They Have No Need to Go

8 Pentecost

First reading and psalm: Gen. 32:22-31Ps. 17:1-7, 16

Alternate: Isa. 55:1-5Ps. 145:8-9, 15-22Rom. 9:1-5Matt. 14:13-21

In response to his disciples’ apparent meager supplies for the feeding of 5,000 people, Jesus speaks a word of creation into nothingness: “They have no need to go.” The divine Logos knows a truth buried deeply beyond all that the disciples can fathom. The disciples are not playing the role of ignoramus here: they are being responsible, even pastoral. They recognize the embodied needs of the people, asserting in their legitimate care for these people that the body is important. “No one ever got saved with a toothache,” said William Booth, founder of the Salvation Army — or on an empty stomach, the disciples might have added.

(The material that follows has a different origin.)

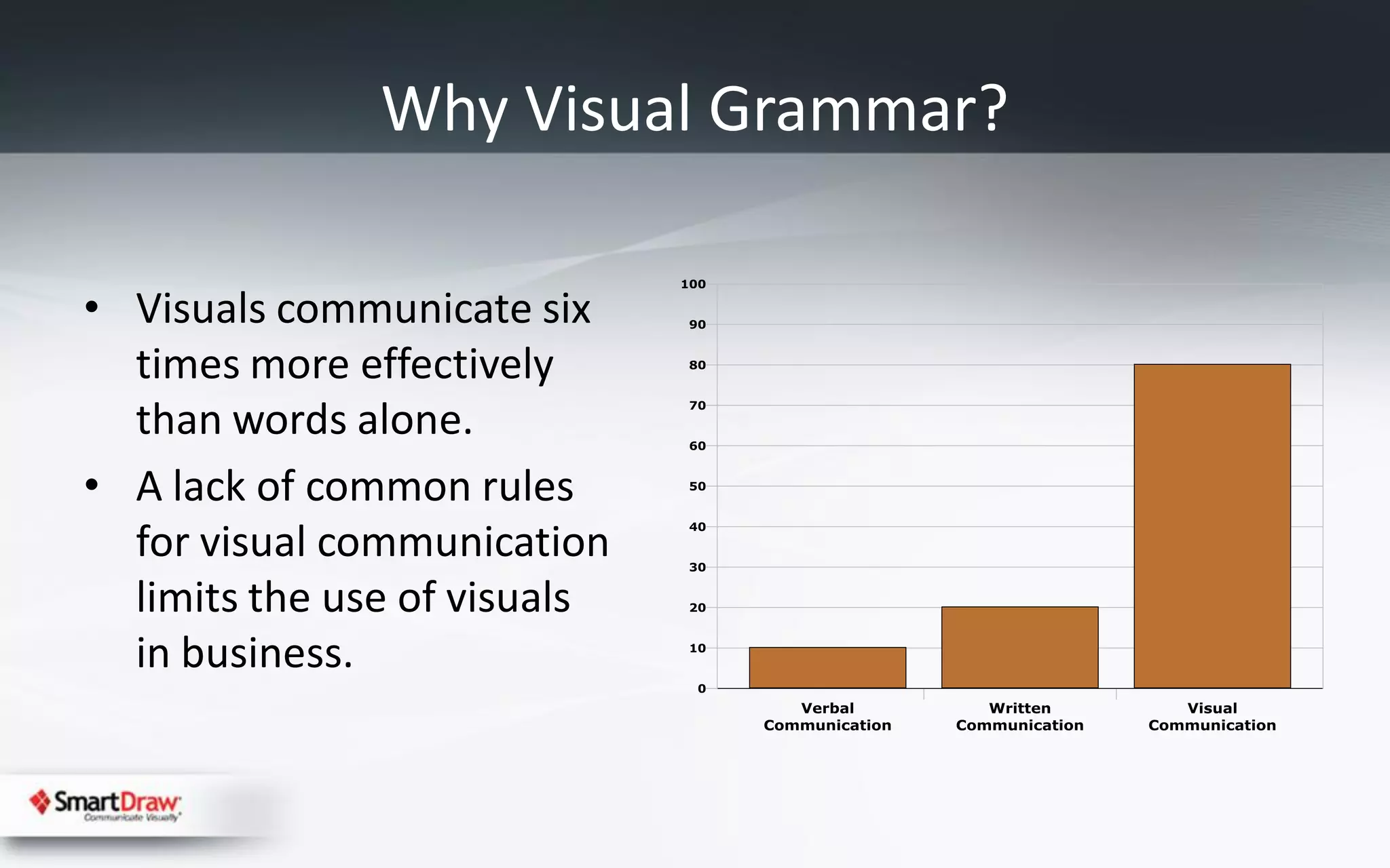 The document discusses the importance of visual grammar in business communication, emphasizing that visuals can communicate more effectively than text. It outlines rules for creating effective visuals, including consistency and one-page rules, as well as specific guidelines for flowcharts, organization charts, and mind maps. Additionally, it mentions the SmartDraw tool, which applies these visual grammar rules automatically.

While Jesus does not deny the value of this thinking, he does transcend it. He upends the conventional pragmatism of the disciples. He places a spiritual challenge directly in the path of pragmatic ministry: food is necessary, food is not here, and yet they have no need to go? The disciples’ pragmatic reasoning about needs and resources leaves something to be desired. Jesus’ mission is not merely to feed the body, nor just the soul, nor even the two in turn — but to testify to a higher unity in which all needs are met in God: a plane upon which Christian ministry must always take place, where body and soul are not opposed to one another, where pragmatism and mysticism point to the truth that God’s grace transcends the physical and the spiritual economies of needs and resources. “I am come that they might have life, and that they might have it more abundantly” (John 10:10 KJV). In Jesus’ spiritual miracle, there will also be physical nourishment. In his setting of the table there will also be faith, thanksgiving, and miraculously answered prayer.

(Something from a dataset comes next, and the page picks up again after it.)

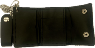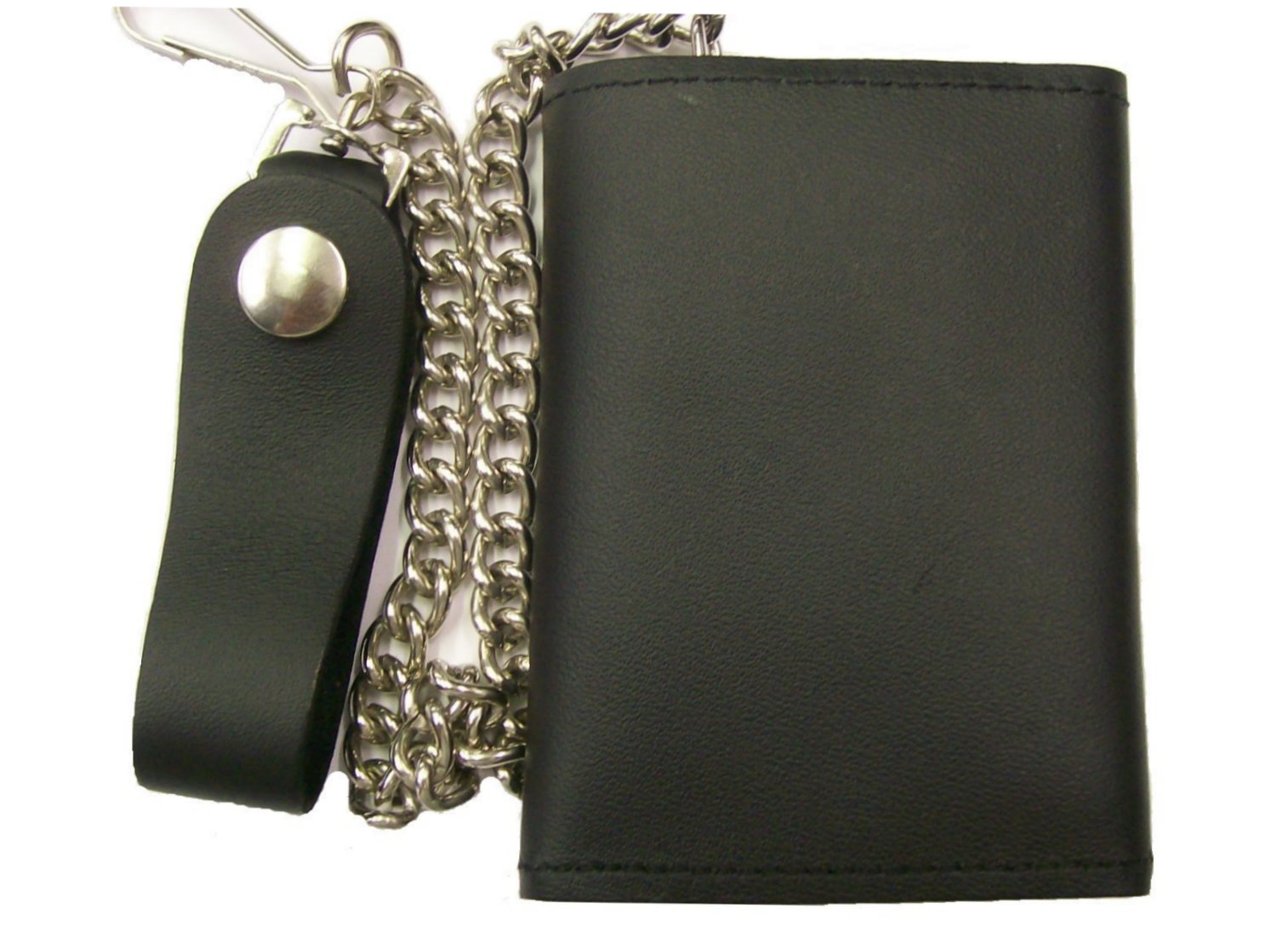 This leather trifold chain wallet is expertly crafted in the USA, guaranteeing top quality and durability. With three sections to organize your cards and cash, and a secure chain to attach to your belt loop, it combines functionality with style. Upgrade your wallet game with this American-made essential.

In our churches, the sacramental life testifies to the truth that we “have no need to go” elsewhere. In the sacraments we can find the presence and power of Jesus Christ, and in him find our needs met, bodies healed, lives sanctified, minds transformed, souls saved, bills paid, sins forgiven, and food put on the table. Nothing is impossible with God. Every miracle in every realm of possibility and impossibility is on the table under the form of water, or of oil, or of bread and wine. In Christ dwells all the fullness of the godhead bodily. We have no need to go elsewhere. “Ho, come to the waters! Let everyone who thirsts, drink.”

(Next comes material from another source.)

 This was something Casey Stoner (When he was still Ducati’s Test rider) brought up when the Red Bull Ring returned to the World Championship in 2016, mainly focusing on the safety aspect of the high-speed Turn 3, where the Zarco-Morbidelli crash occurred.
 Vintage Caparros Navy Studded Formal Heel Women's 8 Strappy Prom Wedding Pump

Tertullian writes: “The flesh, indeed, is washed in order that the soul may be cleansed. The flesh is anointed so that the soul may be consecrated. The flesh is signed so that the soul too may be fortified. The flesh is shadowed with the imposition of hands so that the soul also may be illuminated by the Spirit. The flesh feeds on the body and blood of Christ so that the soul likewise may fatten on its God” (Ante-Nicene Fathers, vol. iii, p. 551)

Look It Up
How often do we make decisions about which church to attend based on an economy of needs and resources? What might it mean for our choices that we “have no need to go” elsewhere?

Think About It
Tertullian calls fasting, asceticism, virginity, widowhood, marital chastity, and martyrdom the “fragrant offerings to God paid out of the good services of the flesh.”